> _Task requirements_:
Your copy should hold only the lines from the one with "Melt half of" to the one with "White No-Face, Xie", both included, each exactly as it stands below, with no pictures.

> _Working data_:
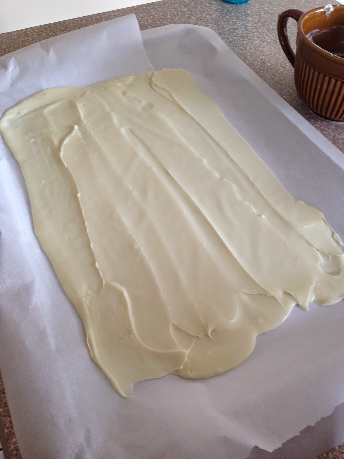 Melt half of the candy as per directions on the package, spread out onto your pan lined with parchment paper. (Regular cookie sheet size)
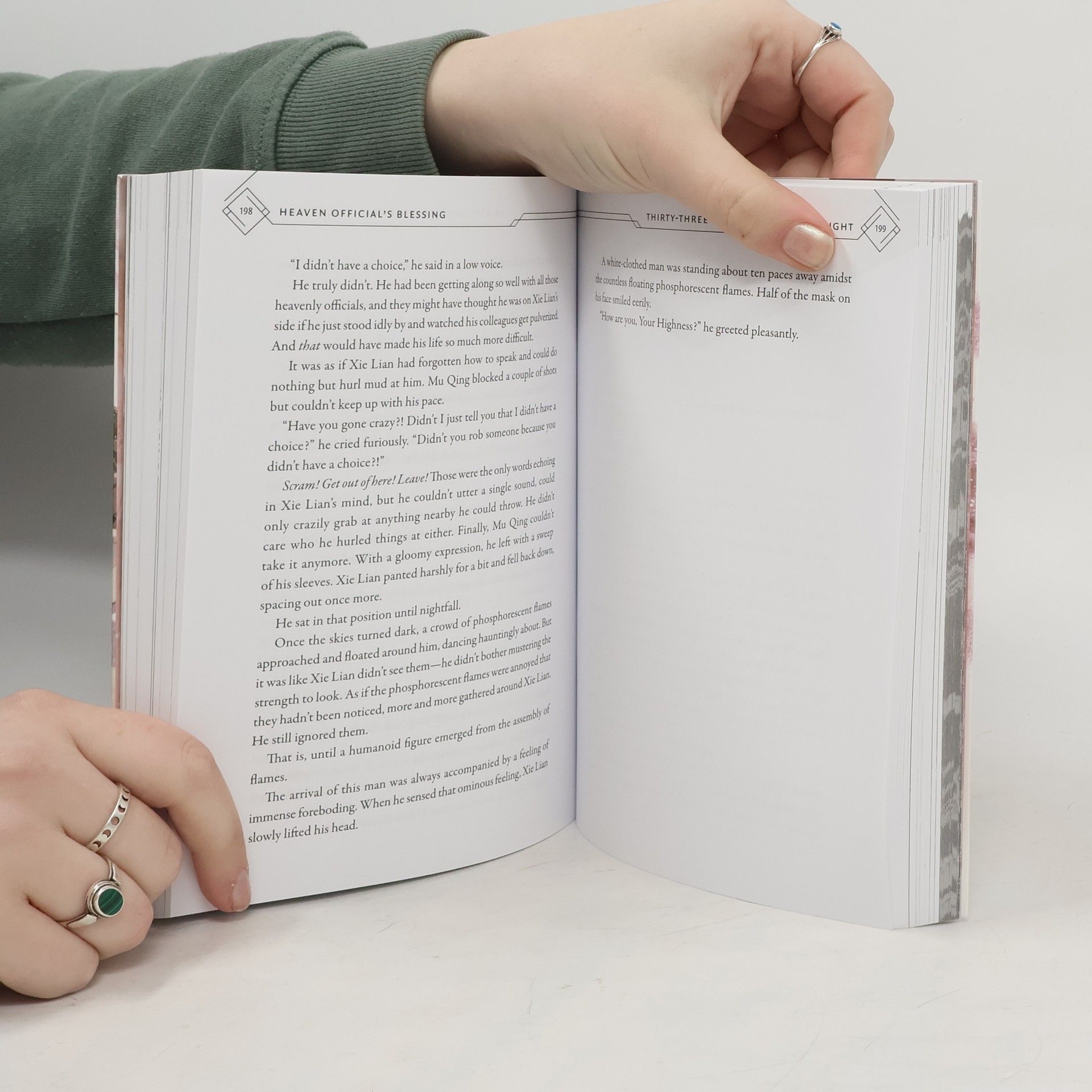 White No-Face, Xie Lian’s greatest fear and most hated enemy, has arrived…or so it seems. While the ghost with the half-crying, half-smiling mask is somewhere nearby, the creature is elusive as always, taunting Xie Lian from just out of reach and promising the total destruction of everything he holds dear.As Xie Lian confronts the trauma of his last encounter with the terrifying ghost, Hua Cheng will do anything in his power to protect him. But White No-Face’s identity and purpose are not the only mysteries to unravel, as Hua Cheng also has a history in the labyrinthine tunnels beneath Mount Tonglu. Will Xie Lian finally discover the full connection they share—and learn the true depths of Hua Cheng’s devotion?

...

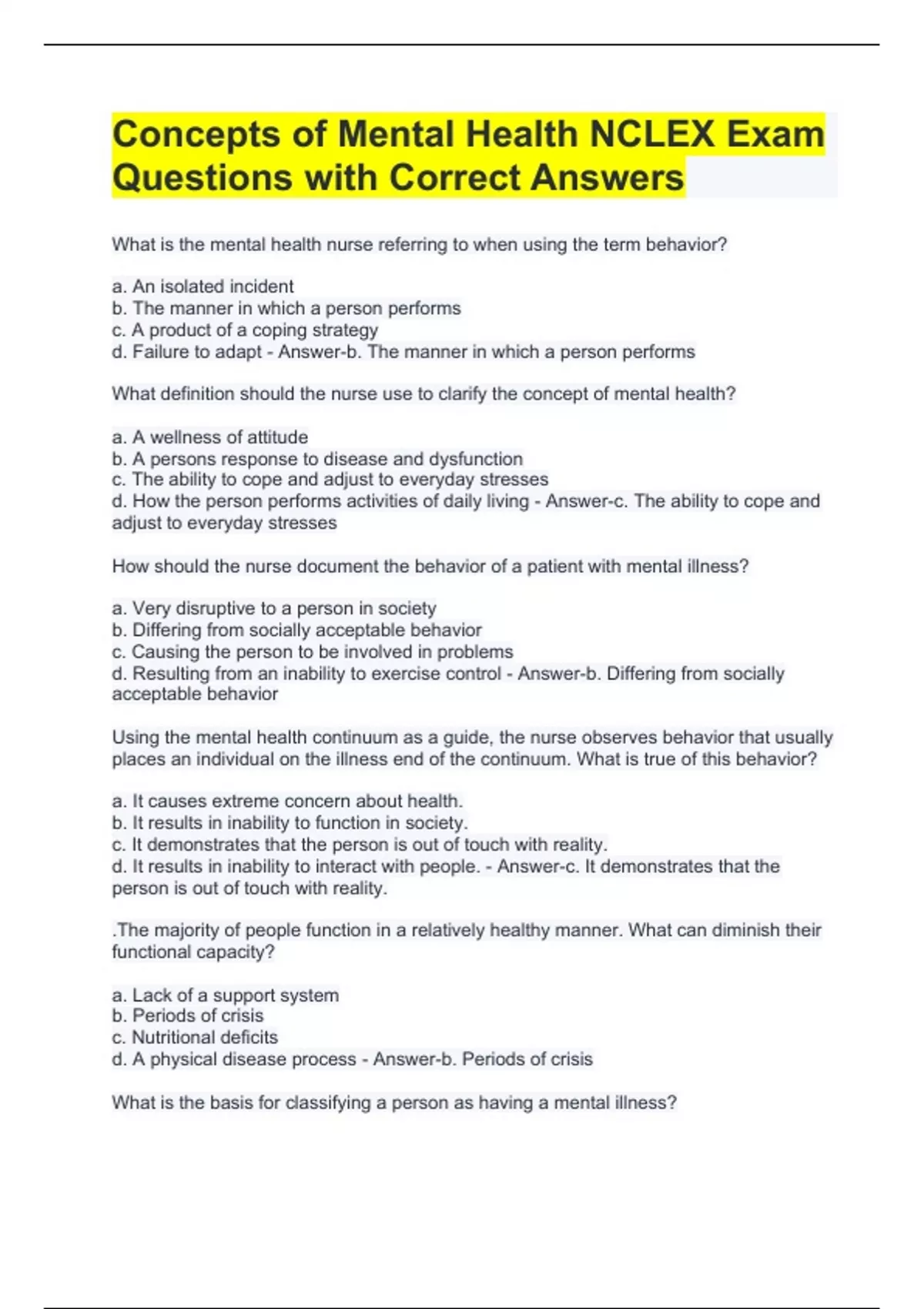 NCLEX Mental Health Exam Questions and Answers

> _Reply to the exercise_:
 Melt half of the candy as per directions on the package, spread out onto your pan lined with parchment paper. (Regular cookie sheet size)
 White No-Face, Xie Lian’s greatest fear and most hated enemy, has arrived…or so it seems. While the ghost with the half-crying, half-smiling mask is somewhere nearby, the creature is elusive as always, taunting Xie Lian from just out of reach and promising the total destruction of everything he holds dear.As Xie Lian confronts the trauma of his last encounter with the terrifying ghost, Hua Cheng will do anything in his power to protect him. But White No-Face’s identity and purpose are not the only mysteries to unravel, as Hua Cheng also has a history in the labyrinthine tunnels beneath Mount Tonglu. Will Xie Lian finally discover the full connection they share—and learn the true depths of Hua Cheng’s devotion?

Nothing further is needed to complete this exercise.